Required inputs	Output shape
`q_obs`, `q_prd`, `c_lvl`	`(sites, lead times, subsets, samples, intervals)`

WS

Winkler score ("WS"), also known as interval score, computed as per Gneiting and Raftery (2007).

\[WS = \frac{1}{n} \sum_{k=1}^{n} (u_k - l_k) + \frac{2}{\alpha} (l_k - x_k)𝟙\{x_k < l_k\} + \frac{2}{\alpha} (x_K - u_k)𝟙\{x_k > u_k\}\]

where, for a given confidence level, \(\alpha\) is the portion not included in the central predictive interval, \(u\) and \(l\) are the upper and lower bounds of the predictive interval, respectively, \(x\) are the observations, and \(n\) is the number of time steps.

Required inputs	Output shape
`q_obs`, `q_prd`, `c_lvl`	`(sites, lead times, subsets, samples, intervals)`

ES

Energy score ("ES") is a multivariate (i.e. multisite) generalisation of the continuous rank probability score.
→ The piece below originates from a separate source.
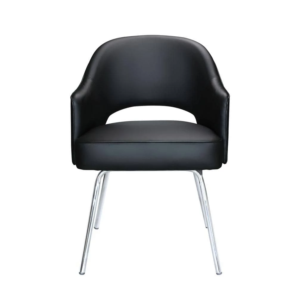 Contemporary Styled Guest Chair. Upholstered in Black CaressoftPlus Vinyl. 4 Sturdy Steel legs with chrome finish.

Required inputs	Output shape
`q_obs`, `q_prd`	`(1, lead times, subsets, samples)`

Footnotes

1(1,2,3,4,5,6,7,8,9,10,11,12): The threshold value is included in the definition of the events both for low flow and high flow events, i.e. where a streamflow observation/prediction value is equal to the threshold value, the event is considered to have occurred.
2(1,2): The metric value returned is \(-\infty\) when the reference/climatology/normalisation value is zero.